Credit:  Jonathan Lesser | 12/9/22 | newsweek.com ~~

Crippling European electricity prices, soaring Northeastern heating bills, looming diesel-fuel shortages, and OPEC+ drama have captured headlines for months. More quietly, offshore-wind energy developers are discovering their projects’ economic infeasibility, undermining states’ offshore-wind goal of generating 40,000 MW by 2040. The Biden administration must recognize this is a pipe dream, or it will cost Americans billions trying to salvage an industry doomed to fail.

October brought the first sign of troubles, as Massachusetts’ Commonwealth Wind project claimed it was no longer economically viable under the terms of the power purchase agreement (PPA) negotiated with the state’s Department of Public Utilities. The developers asked the state to “pause” finalizing the agreements with the state’s electric utilities, a request seconded by the developers of the Mayflower Wind project, to be built nearby. Soon thereafter, a New Jersey utility told investors it was rethinking its Ocean Wind project, to be built off that state’s coast.

All three project developers originally negotiated prices far above wholesale market prices. All three qualified for a production tax credit and additional offshore-wind state tax credits. All three will qualify for a new 30 percent offshore wind investment tax credit which was not available when they made their initial bids.

Yet this federal and state largesse has still failed to keep the projects afloat.

After Massachusetts declined to renegotiate the Commonwealth Wind agreement, the developers walked back their initial claim about insufficient reimbursement, saying, in effect, “never mind.”

Whether pressured by the utility or state politicians, Commonwealth Wind quietly backed away from the uproar its filing created. However, despite the utility’s “no renegotiation” assertion, the project will almost certainly receive additional financing, either through a new PPA or cash subsidies.

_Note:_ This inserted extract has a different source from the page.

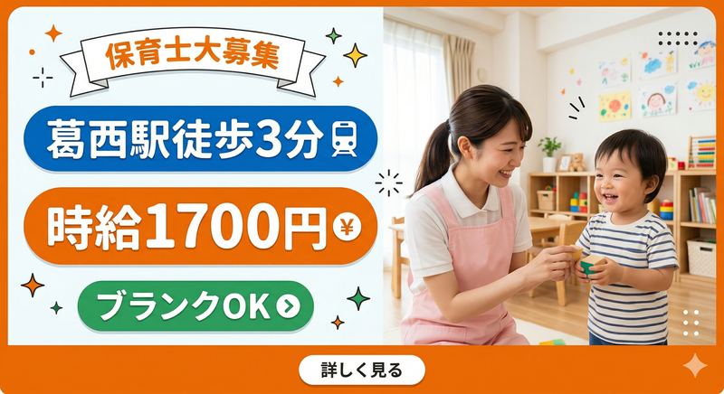 バイトTOParrow_bread_crumb東京都arrow_bread_crumb保育士・幼稚園教諭arrow_bread_crumb駅チカ・駅ナカのアルバイト・バイト・求人
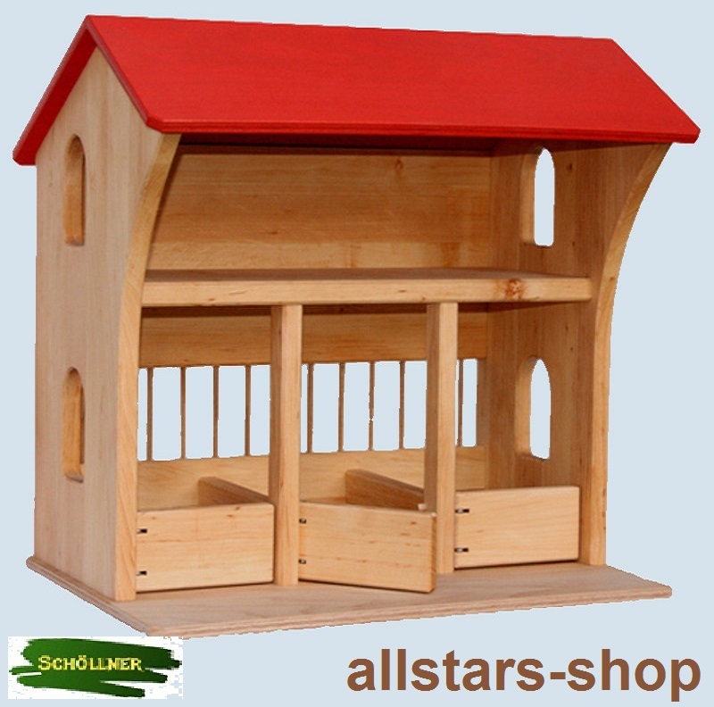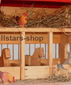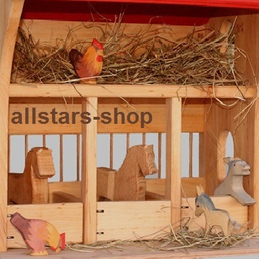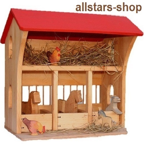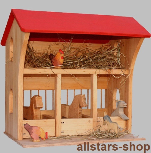 Der aus geöltem Erlenholz hergestellte Stall mit Pferdeboxen ist von vorne bespielbar. Auf der Empore kann das Stroh gelagert werden oder kann von der Bauernfamilie zum Wohnen genutzt werden.

The result will be even higher electric rates and taxes.

Alas, no amount of public funding will be able to save offshore wind’s promises of reliable and low-cost green energy, millions of high-paying U.S. jobs, and an economic renaissance for states that embrace the industry.

As Commonwealth Wind admitted, construction costs are increasing rapidly. Not only have raw material costs soared—the costs of cement, steel, etc.—but so have financing costs. Last year, even before interest rates increased, Dominion Energy’s projected cost for its Coastal Virginia offshore-wind project was $10 billion, exceeding the original $8 billion estimate. With the interest rate hike, Dominion’s ratepayers can expect a much higher final bill, if the project is ever completed.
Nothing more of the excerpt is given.